Personal information
- Full name: Thomas Jackson
- Date of birth: 16 March 1898
- Place of birth: Benwell, England
- Date of death: 1975 (aged 76–77)
- Place of death: Sheldon, West Midlands, England
- Position: Goalkeeper

Youth career
- Rutherford College Old Boys

Senior career*
- Years: Team / Apps / (Gls)
- –: Rutherford Juniors
- –: Benwell Colliery
- –: Durham University
- 1919–1930: Aston Villa / 172 / (0)
- –: Kidderminster Harriers

= Tommy Jackson (footballer, born 1898) =

English footballer

Thomas Jackson (16 March 1898 – 1975) was an English footballer who played as a goalkeeper. He made close to 200 competitive appearances for Aston Villa, taking over from Sam Hardy when the veteran English international moved to Nottingham Forest.

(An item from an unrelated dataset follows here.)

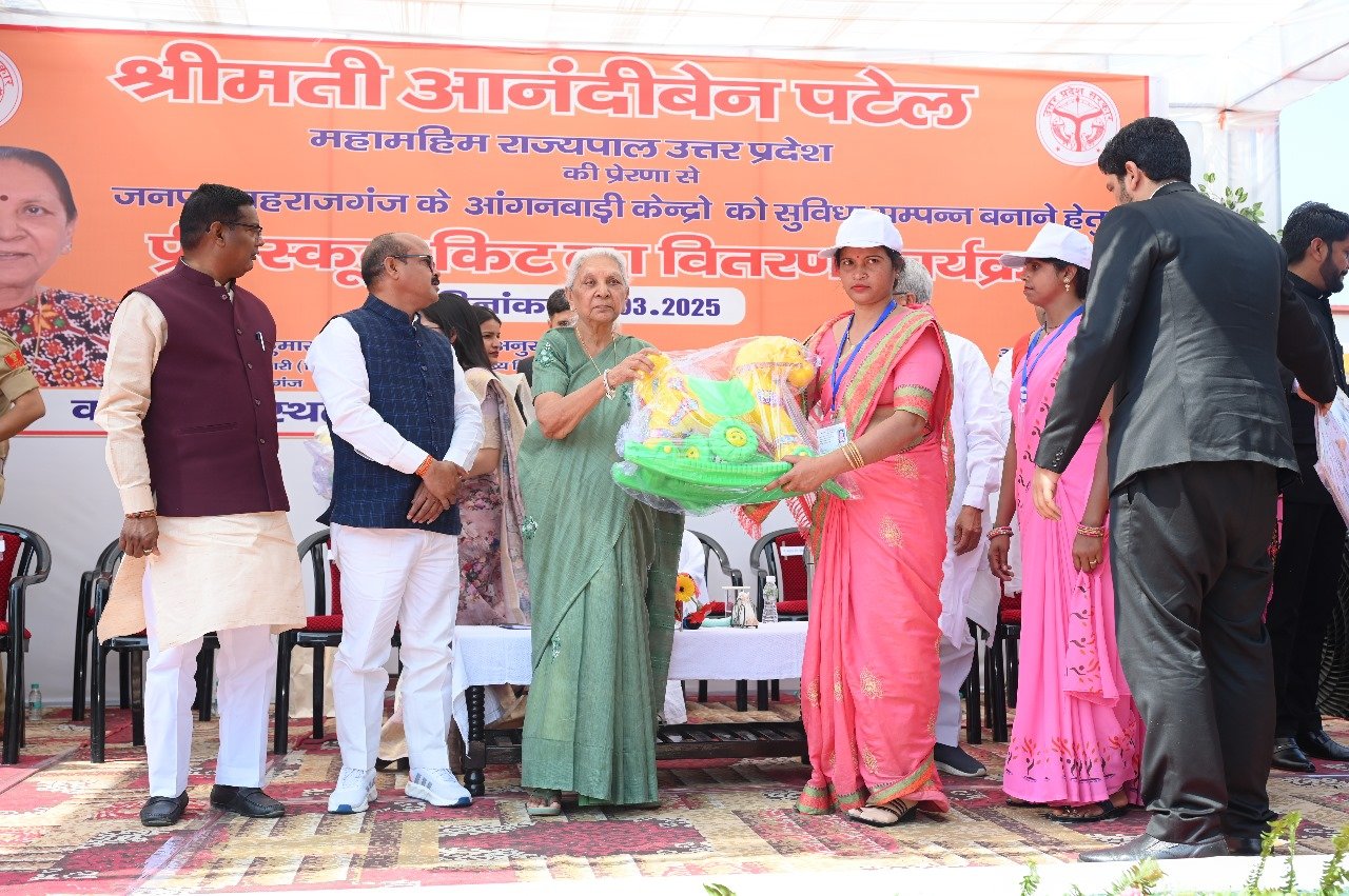 इसके उपरांत उनके द्वारा जनपद के 10 आंगनबाड़ी केंद्रों को प्री स्कूल शैक्षणिक किट का वितरण किया गया। उक्त किट को भारतीय स्टेट बैंक, पंजाब नेशनल बैंक, बैंक ऑफ बड़ौदा, बैंक ऑफ इंडिया, इंडियन बैंक, एक्सिस बैंक, बड़ौदा उप्र ग्रामीण बैंक सहित विभिन्न बैंकों के सहयोग से जनपद के 200 आंगनबाड़ी केंद्रों को प्रदान किया जा रहा है। साथ ही 220 नवीन चयनित आंगनबाड़ी कार्यकत्रियों में 10 आंगनबाड़ी कार्यकत्रियों को नियुक्ति पत्र भी प्रदान किया गया। इसके अतिरिक्त 70 वर्ष से अधिक आयु के पात्र 05 व्यक्तियों को आयुष्मान कार्ड का वितरण, 05 क्षय रोगियों को पोषण पोटली/किट का वितरण, प्रधानमंत्री आवास योजना-ग्रामीण के अन्तर्गत वनटांगिया ग्रामों के आवास निर्माण हेतु चयनित 05 पात्र व्यक्तियों को स्वीकृति पत्र का वितरण, प्रधानमंत्री आवास योजना-ग्रामीण के अन्तर्गत मूसहर जाति के चयनित 05 पात्र व्यक्तियों को स्वीकृति पत्र का वितरण, प्रधानमंत्री किसान सम्मान निधि योजनान्तर्गत 5 पात्र कृषक को स्वीकृति पत्र/प्रमाण-पत्र का वितरण, 05 कृषको को अनुदान पर कृषि यंत्र का वितरण किया गया। साथ ही बेटी बचाओ, बेटी पढ़ाओ योजना के तहत 05 लाभार्थियों को बेबी किट, 05 किसानों को बीज वितरण, ओडीओपी योजना के तहत 02 लाभार्थियों को टूलकिट व वित्तपोषण सहायत के अंतर्गत 03 लाभार्थियों को रुपए 10.00 लाख के डेमो चेक और पंचायत कल्याण कोष योजना के तहत 02 लाभार्थियों को रुपए 10 लाख की अनुग्रह धनराशि का वितरण राज्यपाल महोदया के कर कमलों से संपन्न हुआ।

He travelled to Sweden with Villa on their first foreign tour in 1926. Jackson chose to play the 9-hole golf with Kirton, Mort and Capewell.

Jackson was generally preferred to rival Cyril Spiers for a first team place and featured on the losing side in the 1924 FA Cup Final, but was eventually replaced by Ben Olney. He served with the Royal Northumberland Fusiliers during World War I and attended Durham University before taking up football full-time; his profession after leaving the game was a schoolteacher.

He was mentioned in season 4 episode 2 of Peaky Blinders.